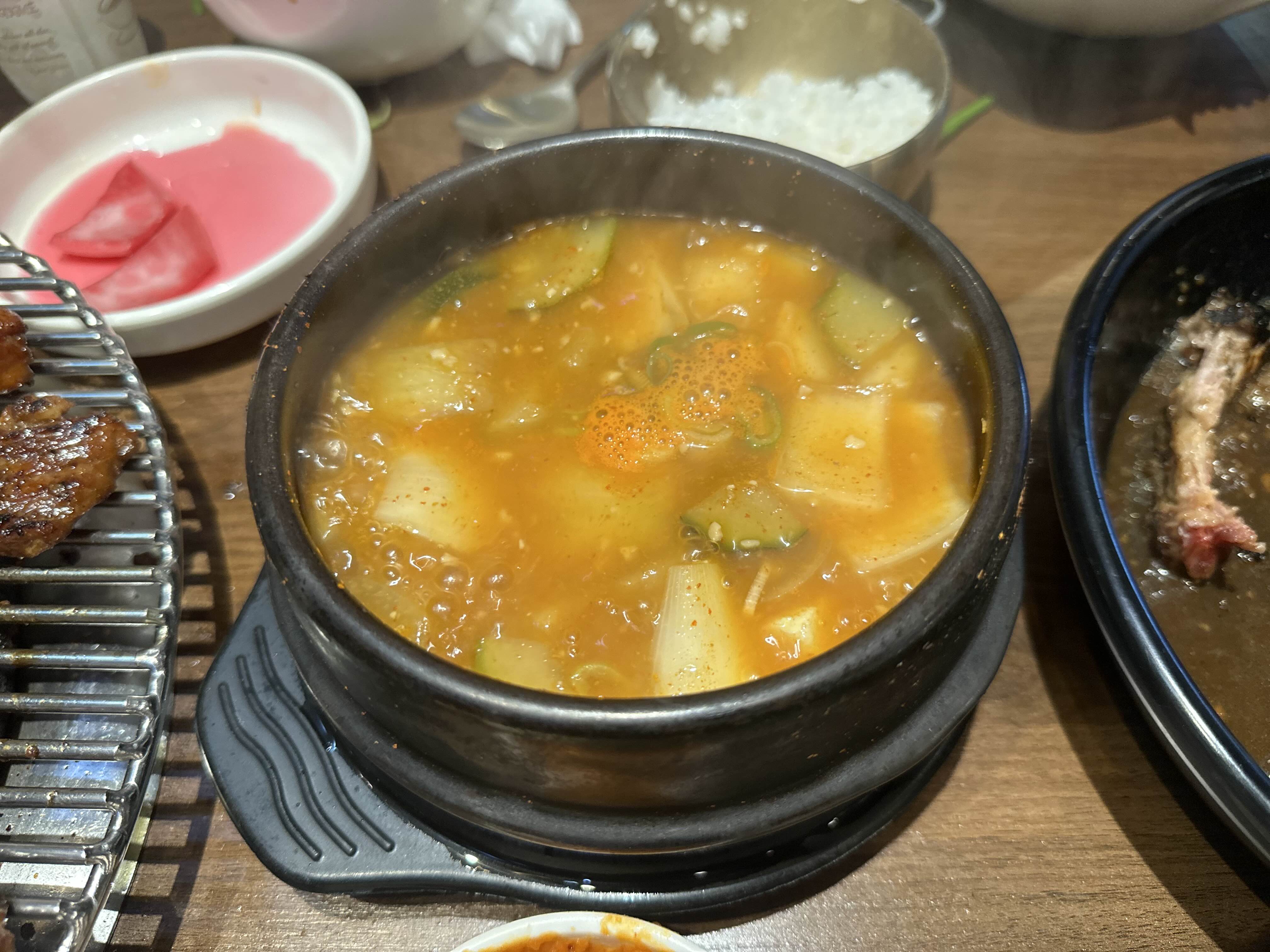 소고기 된장찌개에는 소고기는 별로 들어있지 않아 7,000원은 가격이 좀 높다고 생각듭니다. 된장찌개 자체는 일반 고깃집 된장찌개 맛처럼 나쁘지 않았습니다.
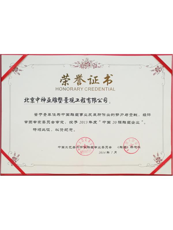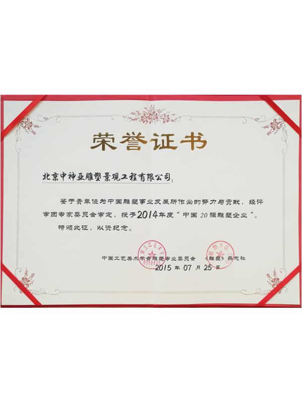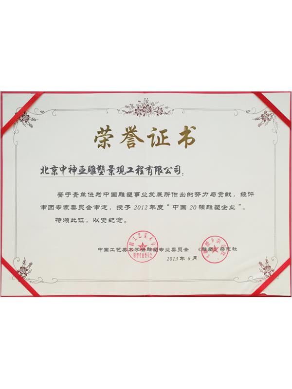 中神亞雕塑企業始建于1986年,(期前身為溫嶺藝術雕刻廠北京分廠)是設計和制作不銹鋼,鈦金屬,鍛銅,鑄銅,石刻等室內外雕塑的專業企業。是中央美術學院雕塑系和清華大學美術學院雕塑系實習創(chuàng)作基地,亦是中國美術家協會雕塑藝術委員會和中國工藝美術學會雕塑專業委員會特別推薦企業;是全國雕塑企業委員會副主任委員單位;是中國雕塑學會理事會員單位;2010年增選為中國建設文化藝術協會環(huán)境藝術專業委員會常務理事單位;2011年批準加入為中國建筑金屬結構協會會員,2012年增選為中國建筑金屬結構協會第十屆理事會理事單位;中國鋼結構協會團體會員;是具備住建部核準可承擔各種類型藝術鋼結構、藝術網架結構工程三級資質企業...
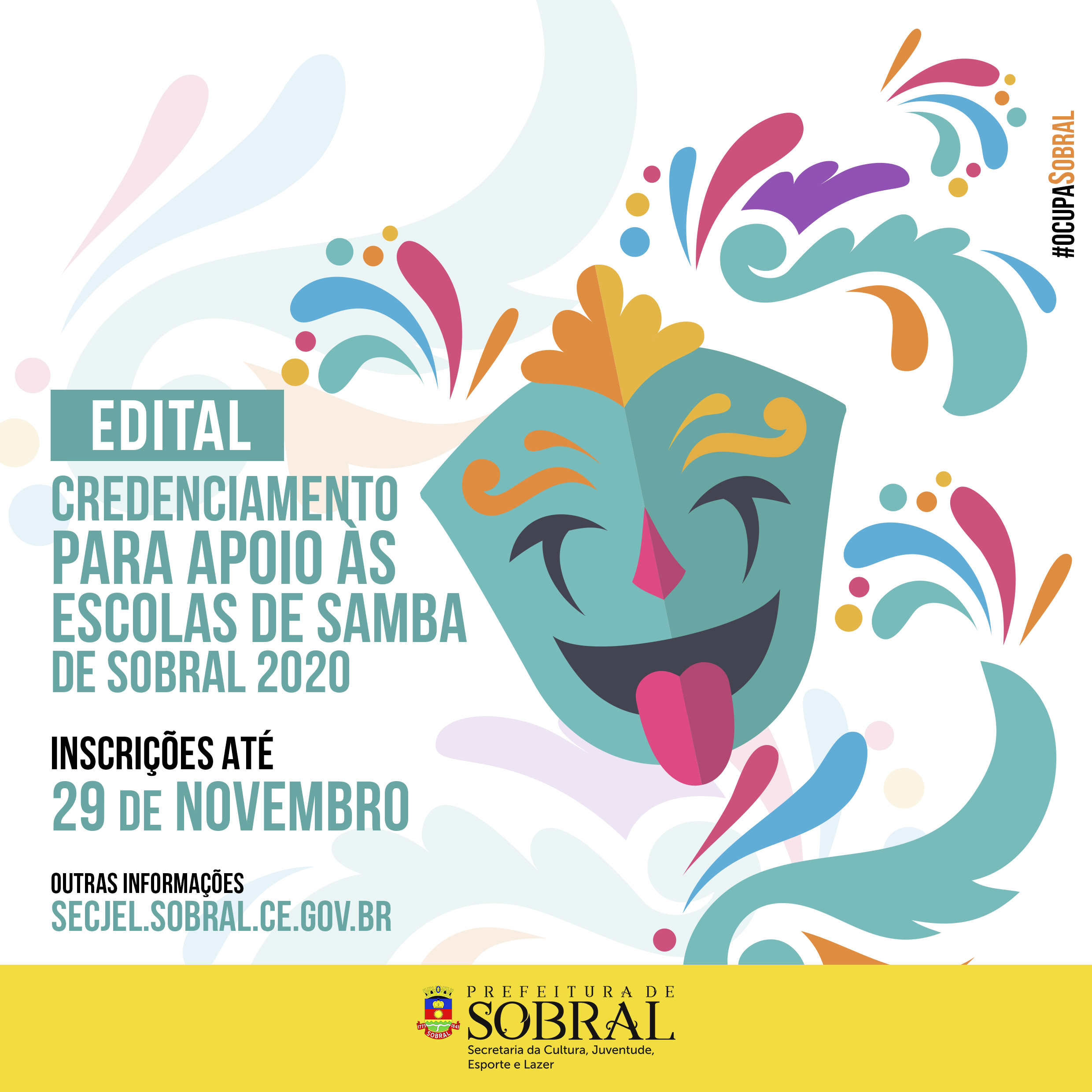 A Prefeitura de Sobral, por meio da Secretaria da Cultura, Juventude, Esporte e Lazer (Secjel), lançou o Edital de Credenciamento para Apoio às Escolas de Samba de Sobral, com o intuito de apoiar financeiramente e selecionar cinco projetos voltados para a montagem e apresentação de escolas de samba do município, durante o mês de fevereiro de 2020. As inscrições encerram dia 29 de novembro.

____

• How to complete this task:
Your reply should contain only an exact copy of the lines from the beginning of the material through the line with "中神亞雕塑企業始建于1986", both ends included, with the pictures removed.

• Result for this exercise:
 소고기 된장찌개에는 소고기는 별로 들어있지 않아 7,000원은 가격이 좀 높다고 생각듭니다. 된장찌개 자체는 일반 고깃집 된장찌개 맛처럼 나쁘지 않았습니다.
 中神亞雕塑企業始建于1986年,(期前身為溫嶺藝術雕刻廠北京分廠)是設計和制作不銹鋼,鈦金屬,鍛銅,鑄銅,石刻等室內外雕塑的專業企業。是中央美術學院雕塑系和清華大學美術學院雕塑系實習創(chuàng)作基地,亦是中國美術家協會雕塑藝術委員會和中國工藝美術學會雕塑專業委員會特別推薦企業;是全國雕塑企業委員會副主任委員單位;是中國雕塑學會理事會員單位;2010年增選為中國建設文化藝術協會環(huán)境藝術專業委員會常務理事單位;2011年批準加入為中國建筑金屬結構協會會員,2012年增選為中國建筑金屬結構協會第十屆理事會理事單位;中國鋼結構協會團體會員;是具備住建部核準可承擔各種類型藝術鋼結構、藝術網架結構工程三級資質企業...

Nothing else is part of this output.